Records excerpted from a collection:

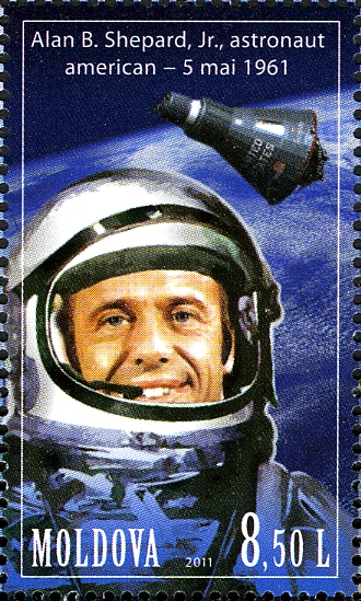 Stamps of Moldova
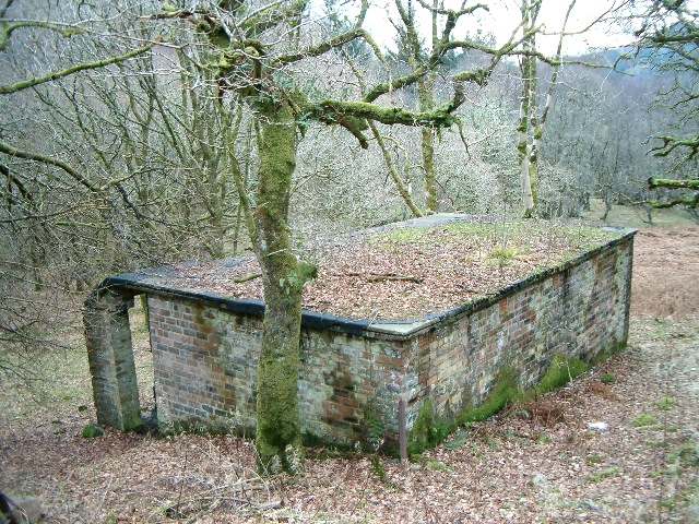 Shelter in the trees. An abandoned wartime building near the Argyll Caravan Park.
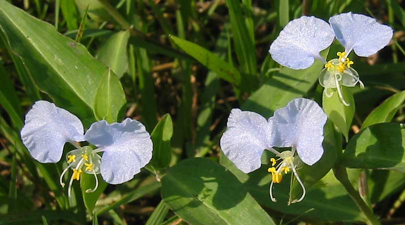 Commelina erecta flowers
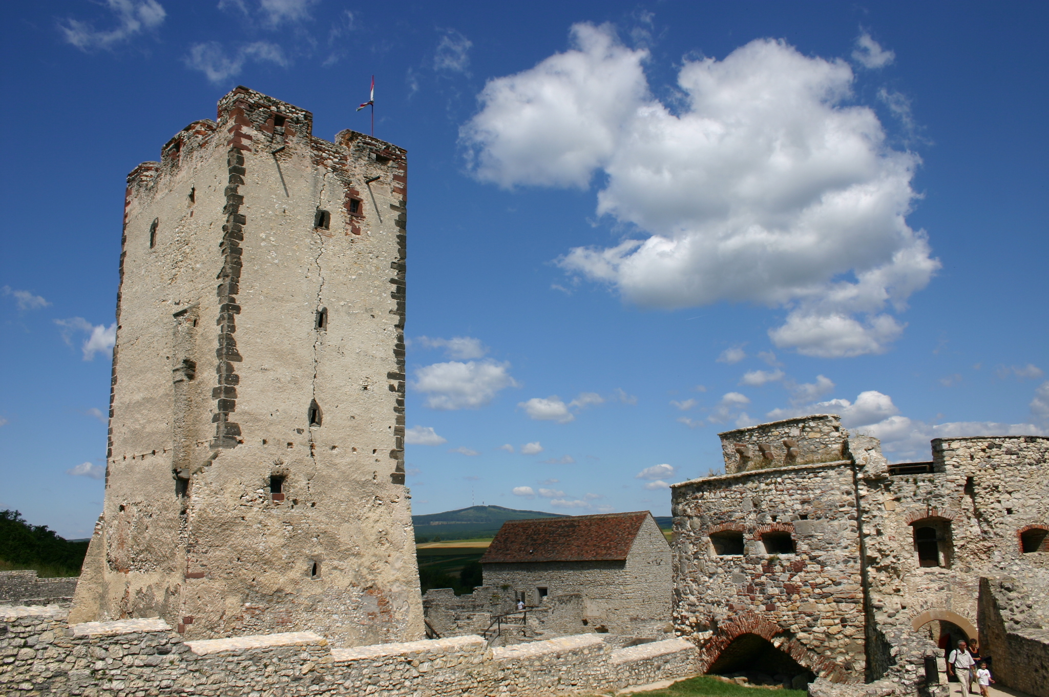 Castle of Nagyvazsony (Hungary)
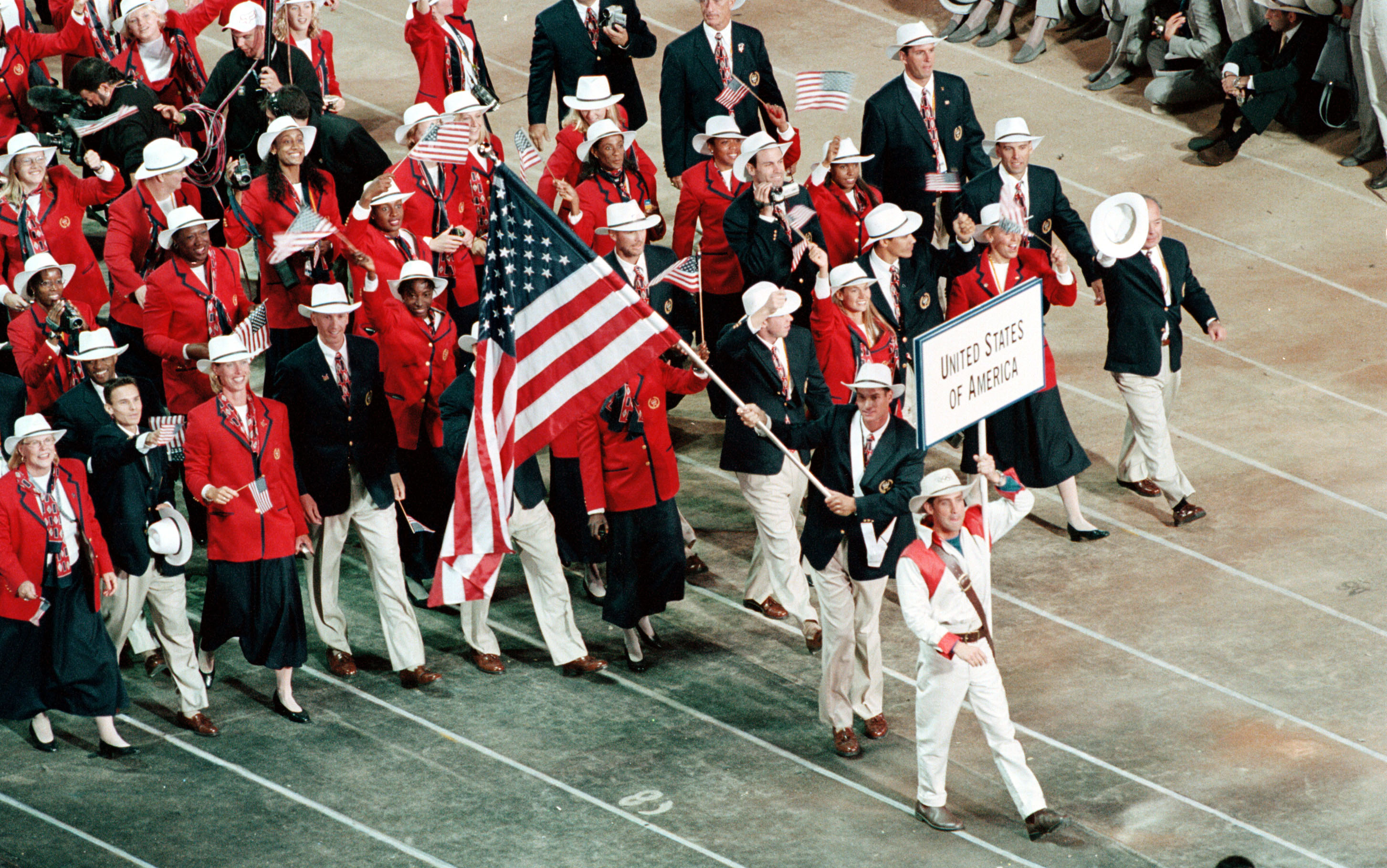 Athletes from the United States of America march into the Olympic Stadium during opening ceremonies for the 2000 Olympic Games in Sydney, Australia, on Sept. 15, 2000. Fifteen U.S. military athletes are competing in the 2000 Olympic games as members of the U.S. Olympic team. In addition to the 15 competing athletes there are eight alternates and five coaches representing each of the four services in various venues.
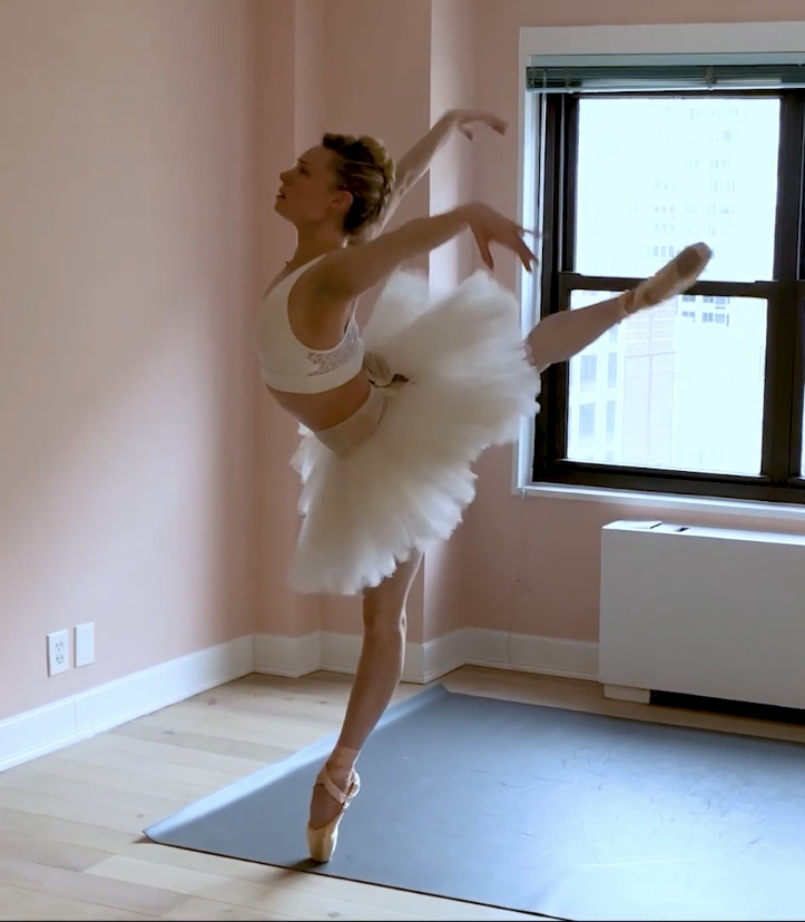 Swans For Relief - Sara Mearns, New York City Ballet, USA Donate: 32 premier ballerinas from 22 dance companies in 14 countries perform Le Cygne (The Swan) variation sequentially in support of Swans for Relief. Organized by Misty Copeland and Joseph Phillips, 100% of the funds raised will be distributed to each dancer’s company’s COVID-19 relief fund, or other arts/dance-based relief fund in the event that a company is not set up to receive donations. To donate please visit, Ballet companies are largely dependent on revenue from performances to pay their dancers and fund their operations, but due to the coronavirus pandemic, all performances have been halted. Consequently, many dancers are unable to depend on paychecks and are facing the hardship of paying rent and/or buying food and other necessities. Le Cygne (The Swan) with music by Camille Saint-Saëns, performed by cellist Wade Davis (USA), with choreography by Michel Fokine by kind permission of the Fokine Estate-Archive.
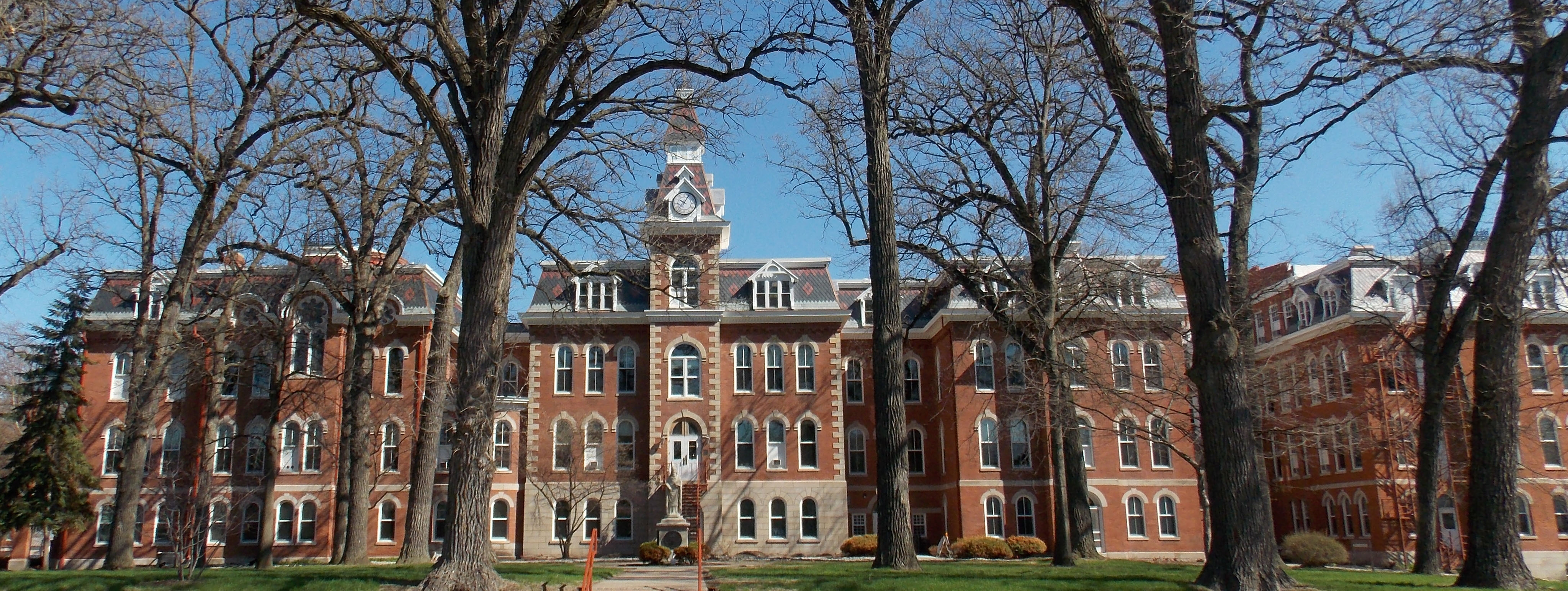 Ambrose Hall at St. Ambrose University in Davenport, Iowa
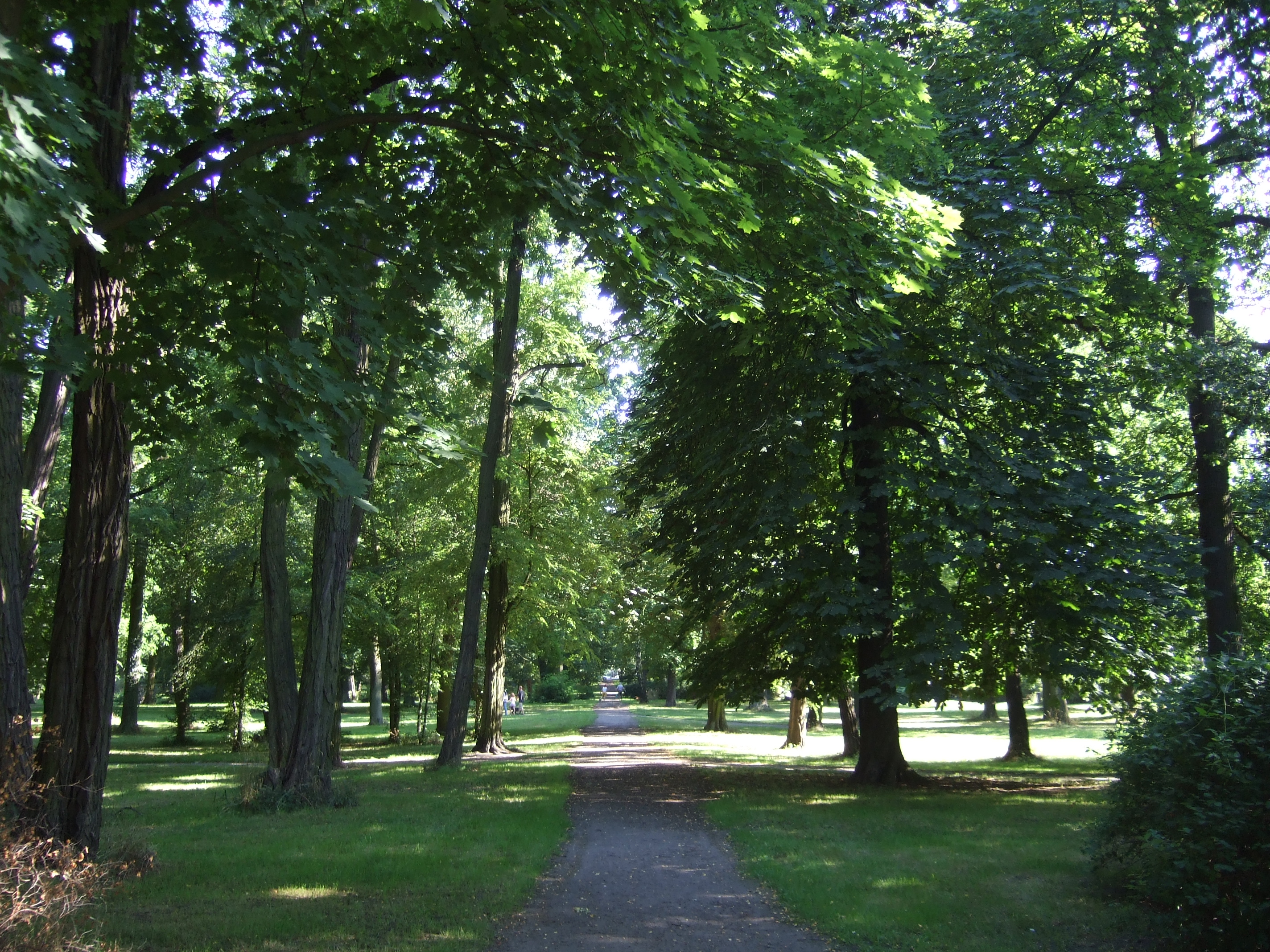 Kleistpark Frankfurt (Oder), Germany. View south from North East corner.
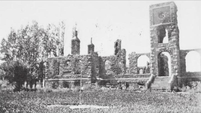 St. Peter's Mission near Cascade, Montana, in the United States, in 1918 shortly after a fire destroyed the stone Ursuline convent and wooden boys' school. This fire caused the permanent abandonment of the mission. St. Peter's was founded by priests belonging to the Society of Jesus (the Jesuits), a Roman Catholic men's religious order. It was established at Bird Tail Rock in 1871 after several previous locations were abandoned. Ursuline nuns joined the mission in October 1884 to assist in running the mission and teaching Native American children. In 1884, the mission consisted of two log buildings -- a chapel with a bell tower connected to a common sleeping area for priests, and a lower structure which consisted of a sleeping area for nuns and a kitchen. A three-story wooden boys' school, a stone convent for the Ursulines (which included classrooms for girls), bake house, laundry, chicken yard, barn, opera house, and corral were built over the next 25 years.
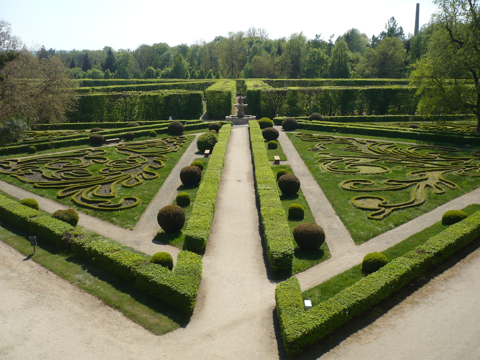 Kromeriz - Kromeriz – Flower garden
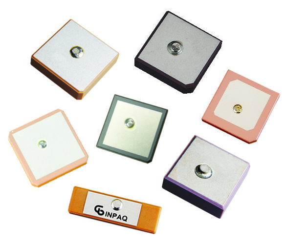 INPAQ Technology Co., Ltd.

## Work item
Up to and including the line that holds "Castle of Nagyvazsony (Hungary)", restate word for word each line of the records from their start, and only those lines, leaving out the pictures.

## Answer to the problem
 Stamps of Moldova
 Shelter in the trees. An abandoned wartime building near the Argyll Caravan Park.
 Commelina erecta flowers
 Castle of Nagyvazsony (Hungary)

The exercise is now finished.